The reply needs the lines from the one containing "Bei strahlendem Sonnenschein" through the end of the material, each repeated exactly, and no pictures.

Given information.
=-=-=-=-=

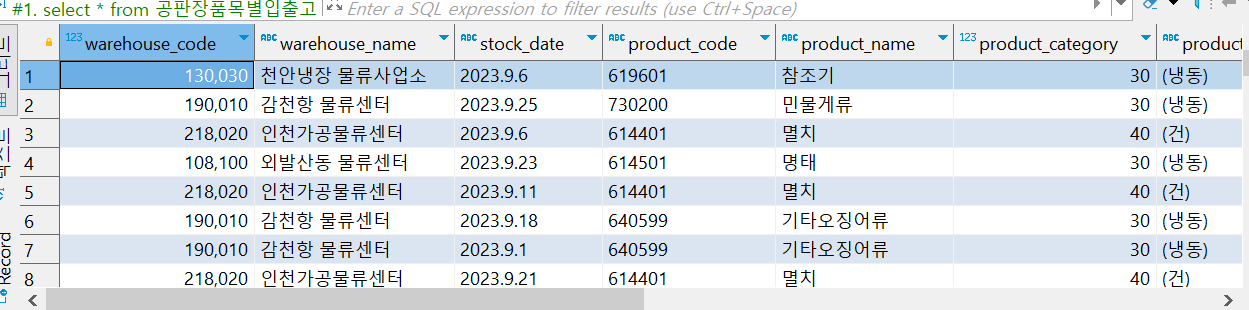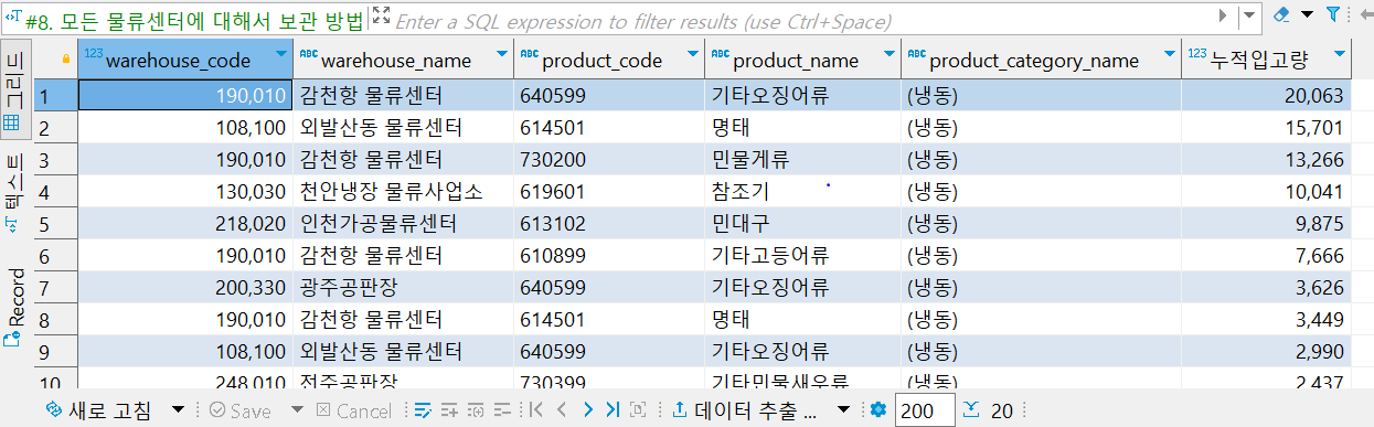 5. select warehouse_code, warehouse_name, stock_date, product_code, product_name, sum(inventory_quantity) from 공판장품목별재고현황
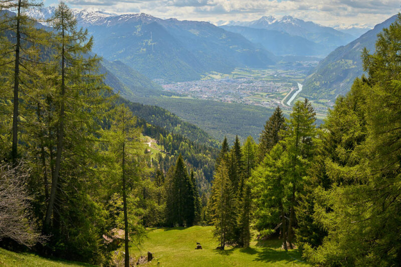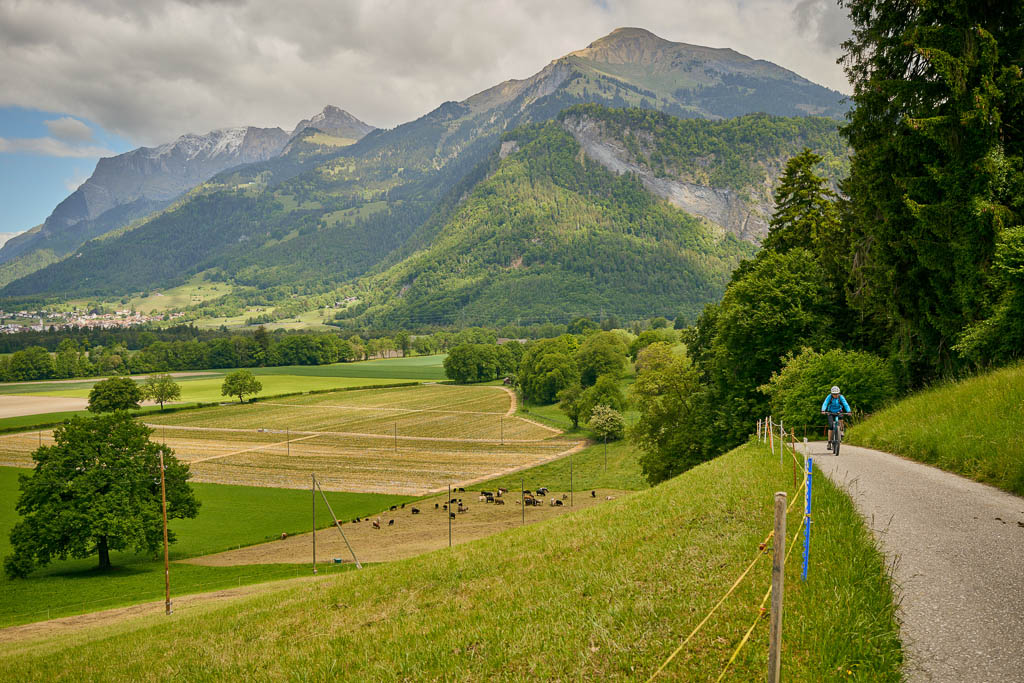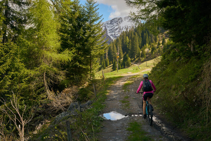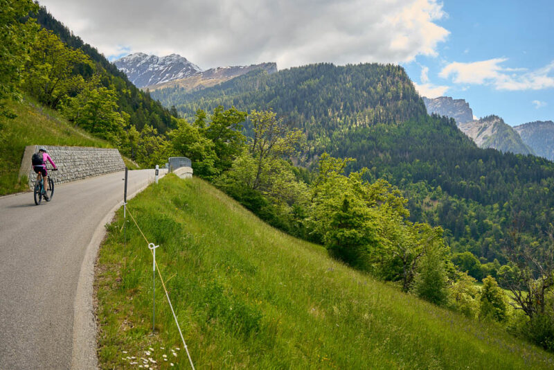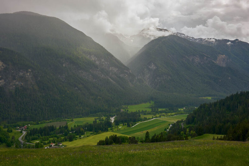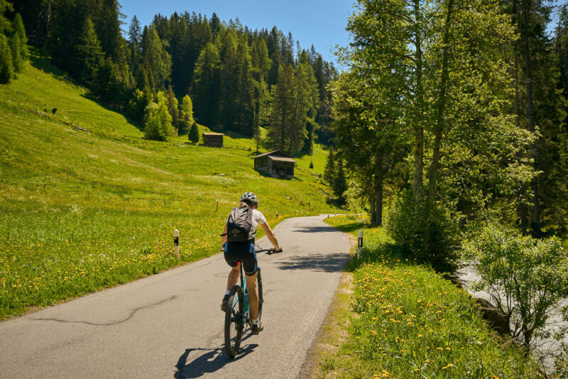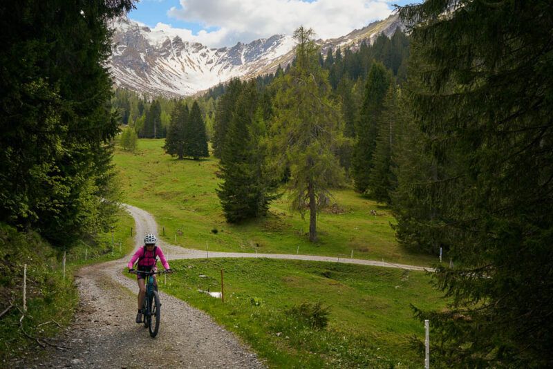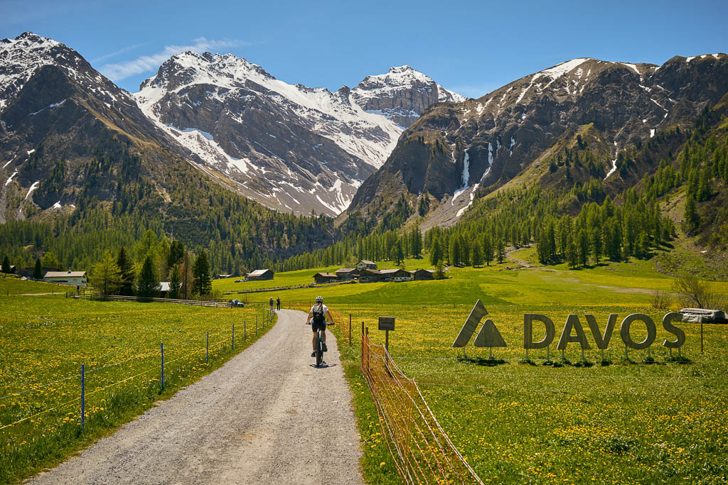 Bei strahlendem Sonnenschein und sommerlichen Temperaturen starten wir heute in Davos Glaris zu einer Radtour ins Sertigtal. Das Sertigtal ist ein südliches Seitental des Landwassertals und gehört zur Gemeinde Davos. Geologisch wurde es während der letzten Eiszeit durch Gletscher geformt – entsprechend U-förmig ist sein Querschnitt. Während Guido das Tal schon unzählige Male durchfahren hat, ist es erst mein zweiter Besuch als Radlerin. Statt über die nach Davos führende Hauptstraße das Sertigtal zu erreichen, wählen wir ruhige Seitenstraßen – hier der Blick kurz vor Davos-Frauenkirch:
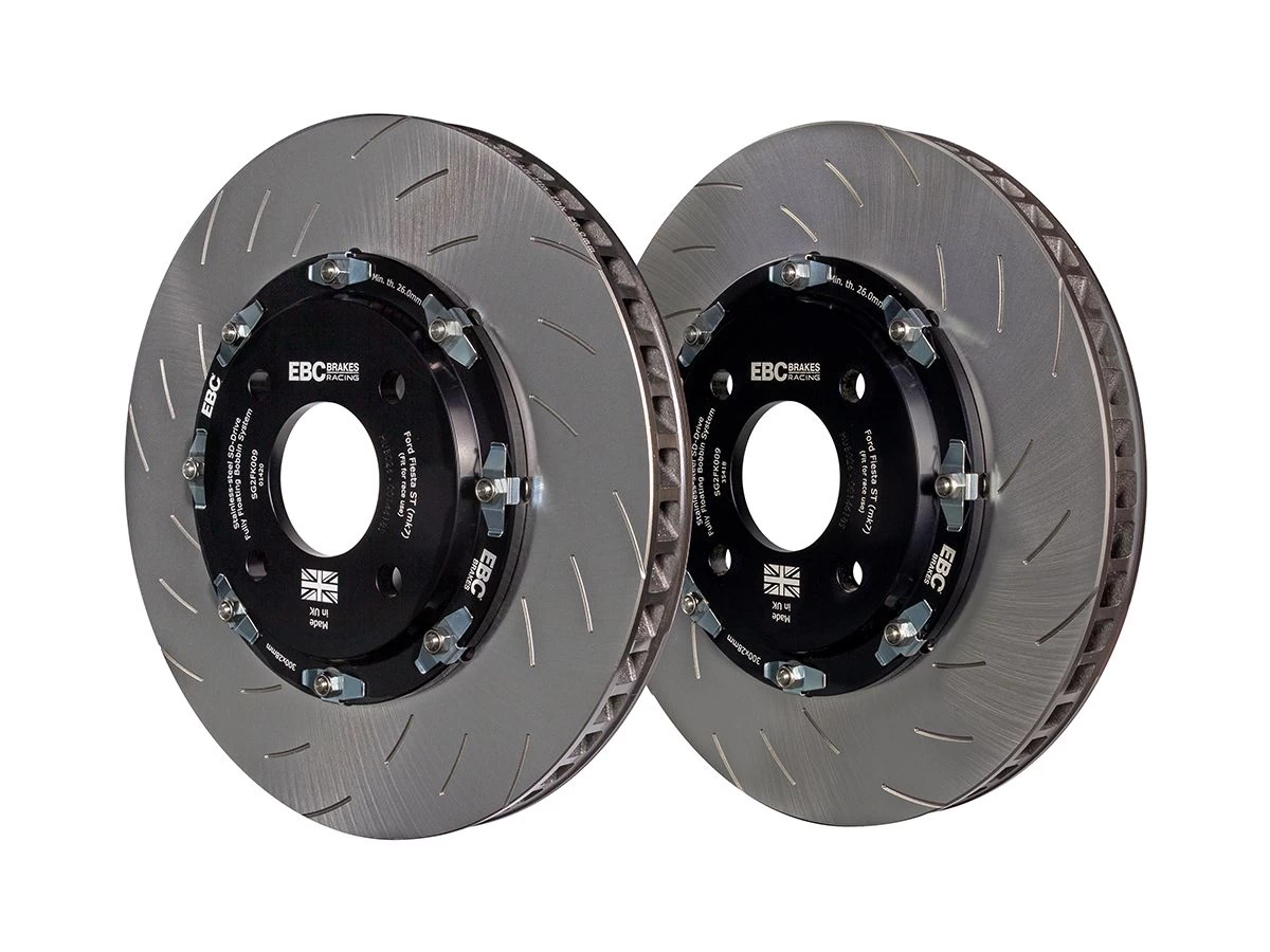 EBC’s 2-piece BBK replacement discs have been tested to withstand hundreds of hours the harshest track driving. All cast iron rings feature 48 curved vanes and are handed left and right, ensuring the vanes always rotate in the correct direction, giving maximum cooling efficiency.
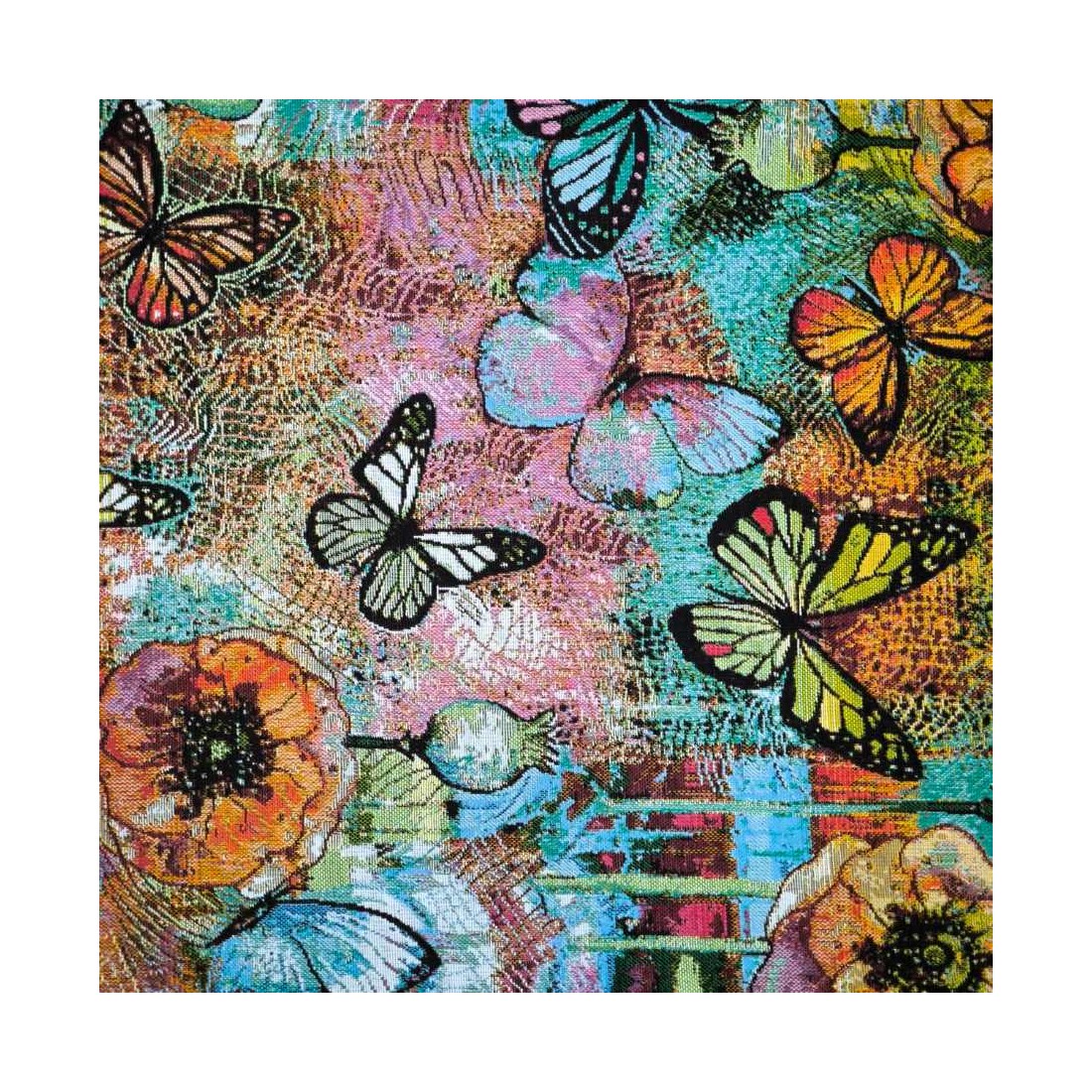 Tejido Jacquard AQUAMARINA con mariposas multicolor y fondo azul. Ancho 140

=-=-=-=-=

Problem solution.
 Bei strahlendem Sonnenschein und sommerlichen Temperaturen starten wir heute in Davos Glaris zu einer Radtour ins Sertigtal. Das Sertigtal ist ein südliches Seitental des Landwassertals und gehört zur Gemeinde Davos. Geologisch wurde es während der letzten Eiszeit durch Gletscher geformt – entsprechend U-förmig ist sein Querschnitt. Während Guido das Tal schon unzählige Male durchfahren hat, ist es erst mein zweiter Besuch als Radlerin. Statt über die nach Davos führende Hauptstraße das Sertigtal zu erreichen, wählen wir ruhige Seitenstraßen – hier der Blick kurz vor Davos-Frauenkirch:
 EBC’s 2-piece BBK replacement discs have been tested to withstand hundreds of hours the harshest track driving. All cast iron rings feature 48 curved vanes and are handed left and right, ensuring the vanes always rotate in the correct direction, giving maximum cooling efficiency.
 Tejido Jacquard AQUAMARINA con mariposas multicolor y fondo azul. Ancho 140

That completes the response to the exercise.